Building plans for homebound bird enthusiasts
April 22, 2020
Assistant Chief of Communications
LITTLE ROCK — Birdhouses shaped like cabins and decorated like a Hilton may be nice yard ornaments, but many go unnoticed by the songbirds people are trying to attract. The best bluebird houses often are crafted by hand, and rarely take more than a single 6-foot board, a handful of nails and some quality time with family members.
The AGFC has an easy nestbox plan available at www.agfc.com/brochures ideal for an afternoon or weekend project. It takes minimal skills with a saw and hammer, and will be a fun addition to your yard for many years to come. A few cuts, some nails and one drilled entrance hole is all it takes to put together this basic home that will invite songbirds to stay a while and raise a family.
Many people want to extend the project by painting their birdhouse, but there’s no need to do so. White paint may make it slightly cooler in the summer, but can actually be a hindrance to birds using it. Some paints can be toxic to the adult and juvenile birds. Lingering paint fumes also may keep the birds away until the birdhouse has been out for months, leading to some frustration from eager viewers. Keeping it basic is best, and cavity nesters like bluebirds will appreciate the natural touch.
Be sure to include a couple of small holes in the bottom of the box to let water drain and a hole or two in the side near the top of the box to let air vent during summer.
Many songbirds like to nest where forests meet fields. This “edge” offers fast access to food as well as shelter. Bluebirds, in particular, nest in objects 4 to 6 feet off the ground close to the open side of the “edge,” such as fencerows. They even use the fence as a hunting perch to look for grasshoppers, katydids and other insects. Some gardeners like to put bluebird boxes near their gardens. The birds won’t touch your vegetables, and they eat hornworms, katydids and grasshoppers that can ravage your tomato crop.

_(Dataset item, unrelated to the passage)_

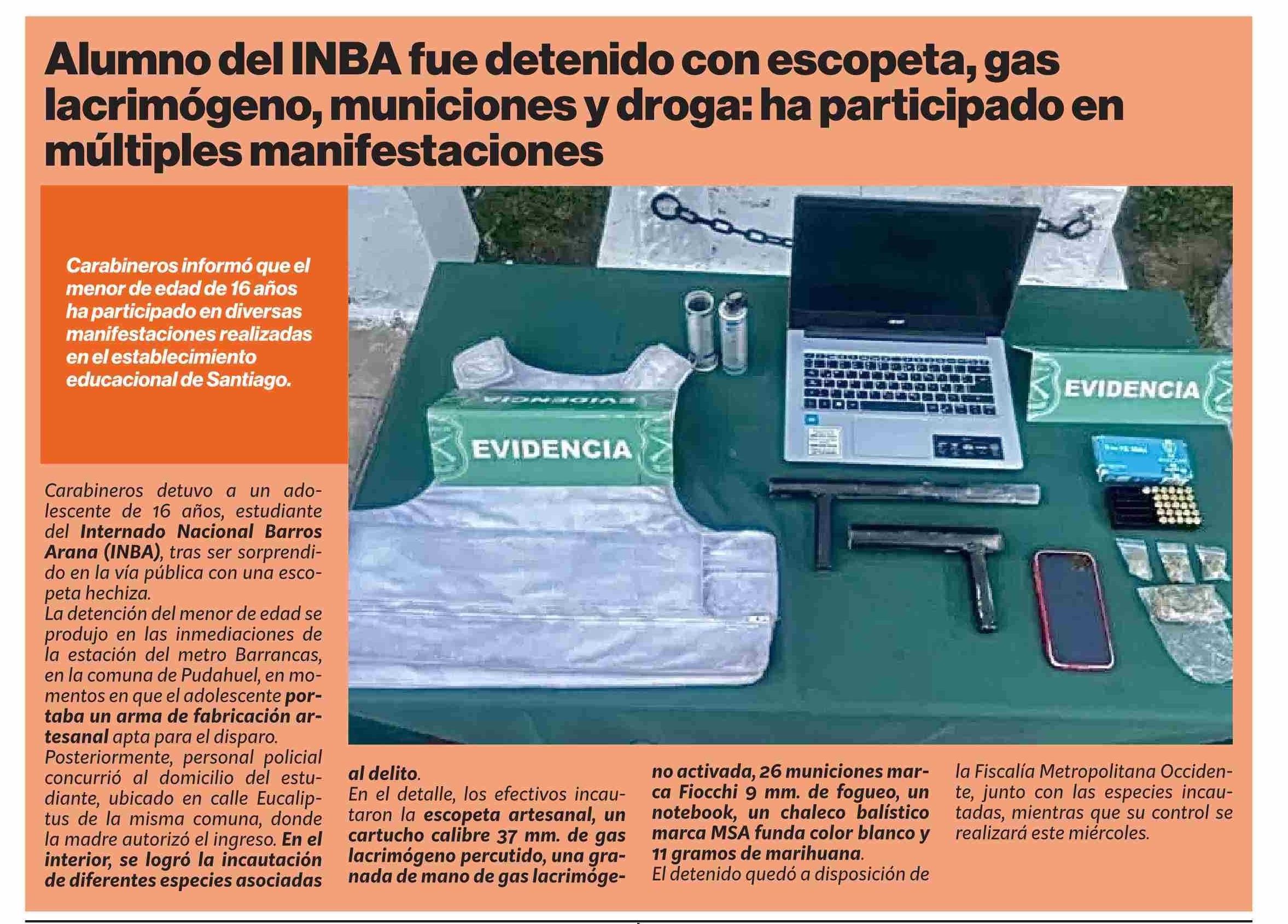 Alumno del INBA fue detenido con escopeta, gas lacrimógeno, municiones y droga: ha participado en múltiples manifestaciones

Be careful to keep your bluebird house away from possible harm from predators. Raccoons, snakes and squirrels will destroy bluebird nests and eat the eggs. The largest threat to both mother bluebird and her chicks is the common housecat. Try to mount the box far enough from branches and fences so that a nest predator can’t jump on the box or stick a paw through the entrance, and keep the cat indoors. The best practice is to keep at least a foot of cleared area in all directions from the birdhouse. You can place it on a post or mount it to a piece of 1-inch diameter conduit pipe to make sure you have enough clearance from predators. The pipe may not look as appealing as mounting on a tree, but it helps prevent climbing species from getting to the nest inside.

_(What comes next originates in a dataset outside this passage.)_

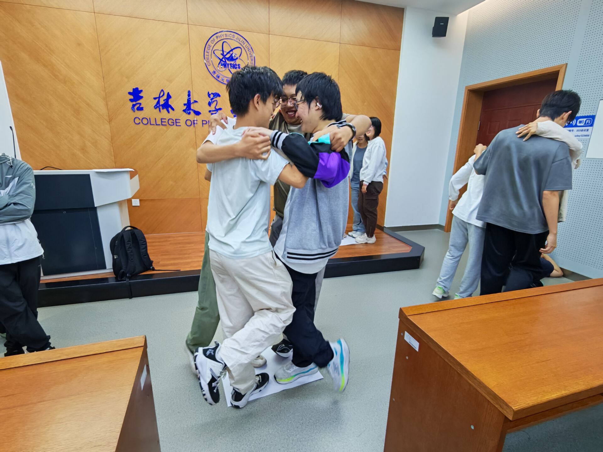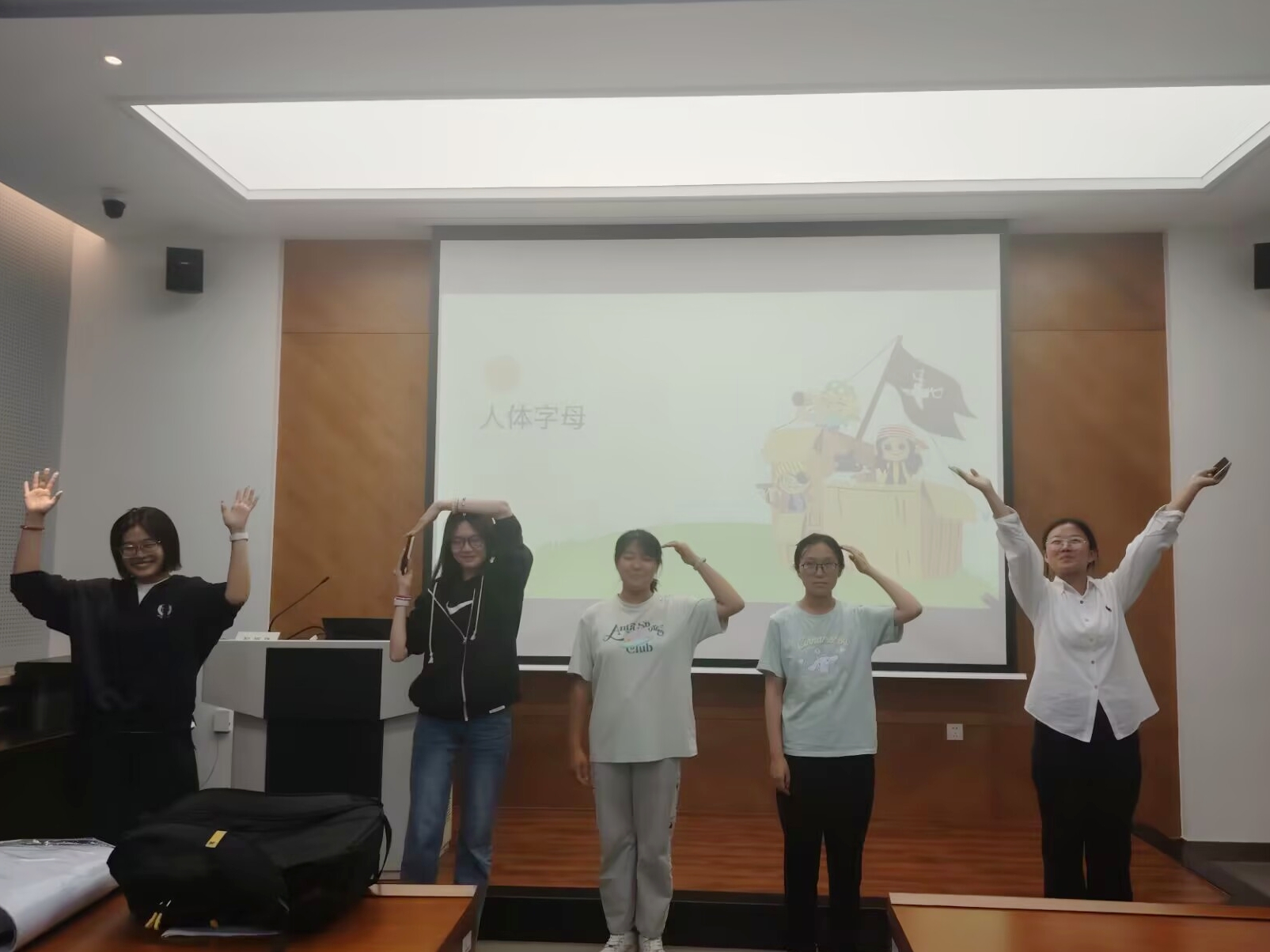 活动尾声,通过“人体字母”和“快乐传递”的环节,同学们感受到了集体的温暖与鼓励。每位同学都积极参与,将心中的感受书写在纸上,相互传递,温馨的互动为本次活动画上了完美的句点。

The hard part comes after you’ve hung the birdhouse in a promising location – you have to wait. Sometimes birds may move in within days, but some birdhouses may sit vacant for a few months before birds find your offering. Resist the urge to open the box every day to see if there’s a bird inside. If they haven’t laid eggs and committed to the nest, you’ll likely scare them away. If you must take a quick peek, wait until the birds have finished laying their eggs.
It may seem like torture waiting for the birds to arrive, but once they do, the whole process is pretty fast. A pair of bluebirds can build their nest in a couple of days. The female will lay one egg per day until she has 4 to 6 eggs in the nest. Once the last egg is laid, the female and male will take turns incubating the eggs for 12 to 15 days before they hatch. The fully fledged chicks will emerge from the box 15 to 18 days later, but they often stay near the birdhouse with their parents until they are ready to venture out on their own.
There’s really no need to dump the old nest once the chicks have left the home. Adult bluebirds will clean it out and reuse the box up to four times in one year. Eastern bluebirds have been seen using nest boxes as late as August in Arkansas, so the best practice is to keep your distance and admire them from a safe distance. If you’re looking for an additional winter project, you can help them with their chores once you’re sure the chicks aren’t using the nest anymore.
Even though it’s called a bluebird box, there’s no telling what songbird may come calling. Carolina chickadees, Carolina wrens, tufted titmice and even an occasional tree swallow may take up residence. You may even open the box one morning to find a flying squirrel tucked away inside.